Republican presidential candidate Mike Huckabee showed up near Flint MI on January 11 to greet supporters shouting "Go, Mike, go!". Wearing a Red Wings hockey team jacket, Huckabee joined fellow musicians on his bass guitar at the Birch Run Expo Center, which is within sight of a popular outlet mall in Birch Run MI. Responding to cheers and the "Michigan for Huckabee" signs, the jovial politician asked supporters to use their enthusiasm to "help something happen Tuesday that a lot of people don't think can happen." Michigan voters will go to the polls on Tuesday, January 15 to choose canddidate in the Republican and Democratic party primaries.
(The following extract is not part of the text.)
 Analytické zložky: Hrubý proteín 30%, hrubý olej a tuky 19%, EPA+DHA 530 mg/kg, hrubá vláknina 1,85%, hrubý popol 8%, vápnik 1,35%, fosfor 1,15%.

"I like you too!" said the former governor of Arkansas and preacher, who reminded the crowd of Flint's past glory as an automotive powerhouse that drew many of his compatriots from Arkansas to work in the now-defunct factories of General Motors. Said Huckabee, in a state where unemployment is high and hopes are low, "There was a time when Michigan was a have where people could work hard and put food on their family's table and produdly know that job would be there next week because people were buying acars and buying things made in this great state". Some in the crowd shouted back "not any more!" Supporters cheered for his anti-abortion stance.
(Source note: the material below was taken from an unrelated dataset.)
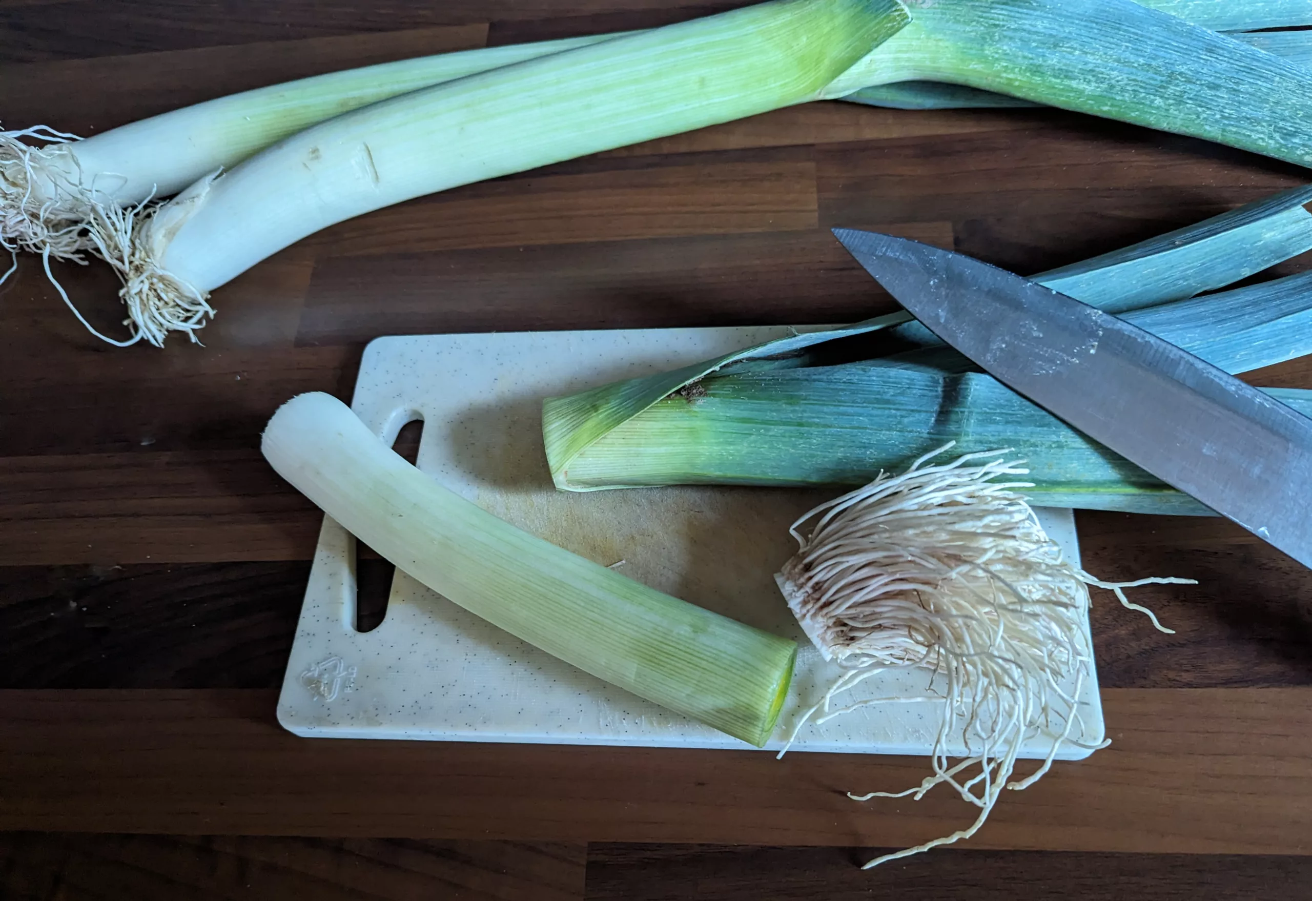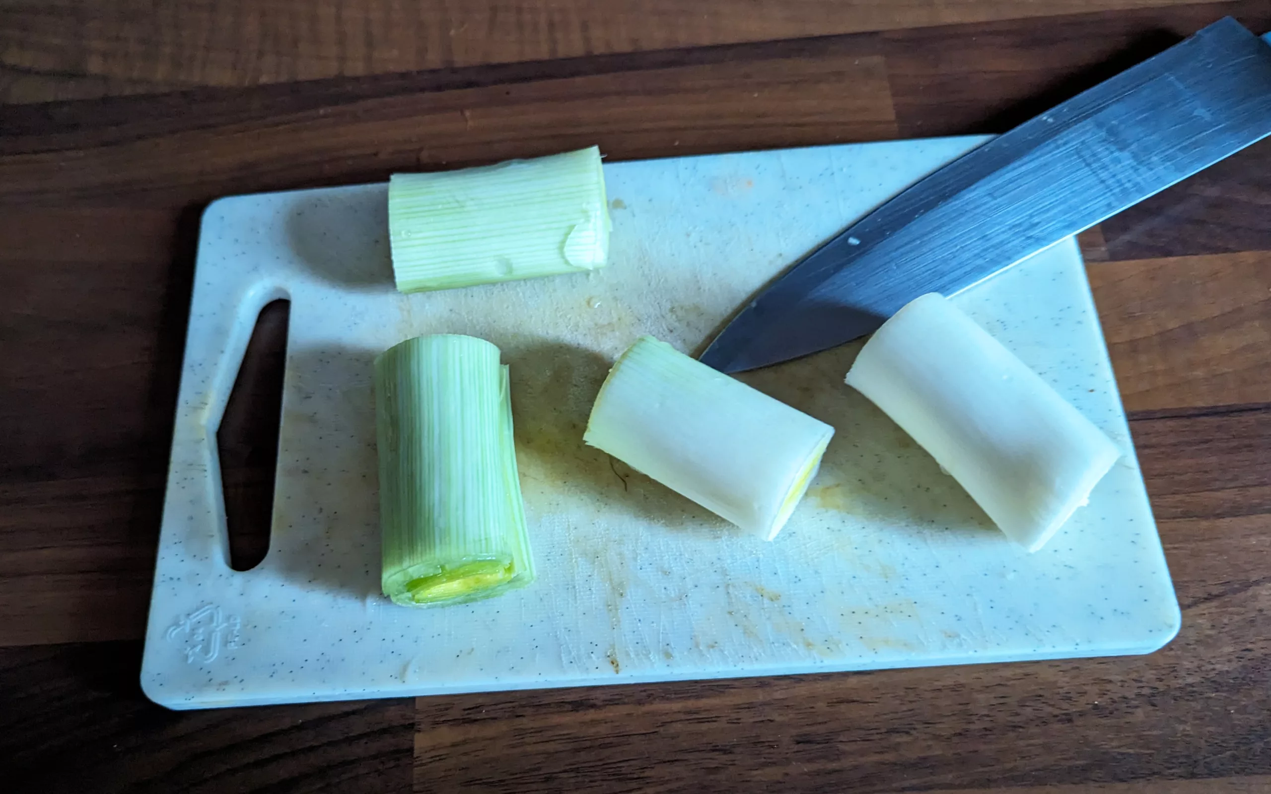 Trancher ensuite les blancs de poireau.

Striking a populist tone, Huckabee referred to the fact that he was the first in the male line of his family to graduate high school saying "...if a guy like me can be president your child can, too". Guns are an issue too, in a state with a long tradition of hunting and where Detroit, for example, earned a reputation for gun violence.
Flint, which is described by some as the Buckle of the Rust Belt, was cited last year in one study as the most violent city in the US. However, homicides dropped from 55 in 2006 to 30 in 2007. According to the Flint Journal, which quoted County Prosecutor David Leyton as saying that cooperation between the various law enforcement agencies has meant more arrests and convictions of violent criminals. The newspaper quoted Leyton as saying "If they are not out on the streets, they can't create mischief." The newspaper said that Leyton suggested that criminals causing the most violent crime are dead or behind bars.
Even so, one Baptist minister credits an increase in the number of concealed weapon permits issued to county residents for the drop in violent crime. Pastor Barry Parker of First Baptist Church in Clio MI, for example, received a concealed weapon permit last year and encouraged his flock to also do so. The law permitting concealed weapons (CCW) went into effect in 2001 and there are now 155,000 permit holders in the state. The crime rate for the state has dropped since then overall, prompting some to say that pistol-packing citizens are to be credited for taking a bite out of crime. The concealed weapons law, says Parker "I believe makes the community safer". Pastor Parker's congregation has members who tote weapons to church on Sunday. Sheriff Robert J. Pickell, a Roman Catholic who is also active in spiritual ministry to the incarcerated, pooh-poohed concerns on the part of those who worry that more guns equals more violence "Everyone predicted a shoot-out at the OK Corral...It never happened."